Login | Register For Free | Help
Search for: (Advanced)

Mailing List Archive: Python: Bugs

[issue6594] json C serializer performance tied to structure depth on some systems

 

 

Python bugs RSS feed   Index | Next | Previous | View Threaded


report at bugs

Nov 19, 2009, 6:23 PM

Post #1 of 20 (477 views)
Permalink
[issue6594] json C serializer performance tied to structure depth on some systems

Valentin Kuznetsov <vkuznet [at] gmail> added the comment:

Hi,
I just found this bug and would like to add my experience with
performance of large JSON docs. I have a few JSON docs about 180MB in
size which I read from data-services. I use python2.6, run on Linux, 64-
bit node w/ 16GB of RAM and 8 core CPU, Intel Xeon 2.33GHz each. I used
both json and cjson modules to parse my documents. My observation that
the amount of RAM used to parse such docs is about 2GB, which is a way
too much. The total time spent about 30 seconds (using cjson). The
content of my docs are very mixed, lists, strings, other dicts. I can
provide them if it will be required, but it's 200MB :)

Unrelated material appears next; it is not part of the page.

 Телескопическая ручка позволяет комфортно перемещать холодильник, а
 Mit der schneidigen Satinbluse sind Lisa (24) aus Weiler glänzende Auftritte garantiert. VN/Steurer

For comparison, I got the same data in XML and using
cElementTree.iterparse I stay w/ 300MB RAM usage per doc, which is
really reasonable to me.

I can provide some benchmarks and perform such tests if it will be
required.

----------
nosy: +vkuznet

_______________________________________
Python tracker <report [at] bugs>
<http://bugs.python.org/issue6594>
_______________________________________
_______________________________________________
Python-bugs-list mailing list
Unsubscribe: http://mail.python.org/mailman/options/python-bugs-list/list-python-bugs%40lists.gossamer-threads.com


report at bugs

Nov 19, 2009, 6:35 PM

Post #2 of 20 (443 views)
Permalink
[issue6594] json C serializer performance tied to structure depth on some systems [In reply to]

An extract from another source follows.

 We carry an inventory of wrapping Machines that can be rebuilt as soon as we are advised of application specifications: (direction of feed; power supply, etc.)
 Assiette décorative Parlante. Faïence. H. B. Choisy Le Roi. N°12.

Bob Ippolito <bob [at] redivi> added the comment:

Did you try the trunk of simplejson? It doesn't work quite the same way as
the current json module in Python 2.6+.

Without the data or a tool to produce data that causes the problem, there
isn't much I can do to help.

----------

_______________________________________
Python tracker <report [at] bugs>
<http://bugs.python.org/issue6594>
_______________________________________
_______________________________________________
Python-bugs-list mailing list
Unsubscribe: http://mail.python.org/mailman/options/python-bugs-list/list-python-bugs%40lists.gossamer-threads.com


report at bugs

Dec 2, 2009, 10:47 AM

Post #3 of 20 (388 views)
Permalink
[issue6594] json C serializer performance tied to structure depth on some systems [In reply to]

Valentin Kuznetsov <vkuznet [at] gmail> added the comment:

Hi,
I'm sorry for delay, I was busy. Here is a test data file:
http://www.lns.cornell.edu/~vk/files/mangled.json

Its size is 150 MB, 50MB less of original, due to scrambled values I was
forced to do.

The tests with stock json module in python 2.6.2 is 2GB
source = open('mangled.json', 'r')
data = json.load(source)

Using simplejson 2.0.9 from PyPi I saw the same performance, please note
_speedups.so C module was compiled.

Using cjson module, I observed 180MB of RAM utilization
source = open('mangled.json', 'r')
data = cjson.encode(source.read())

cjson is about 10 times faster!

I re-factor code which deals with XML version of the same data and I was
able to process it using cElementTree only using 20MB (!) of RAM.

----------

_______________________________________
Python tracker <report [at] bugs>
<http://bugs.python.org/issue6594>
_______________________________________
_______________________________________________
Python-bugs-list mailing list
Unsubscribe: http://mail.python.org/mailman/options/python-bugs-list/list-python-bugs%40lists.gossamer-threads.com


report at bugs

Dec 2, 2009, 2:19 PM

Post #4 of 20 (387 views)
Permalink
[issue6594] json C serializer performance tied to structure depth on some systems [In reply to]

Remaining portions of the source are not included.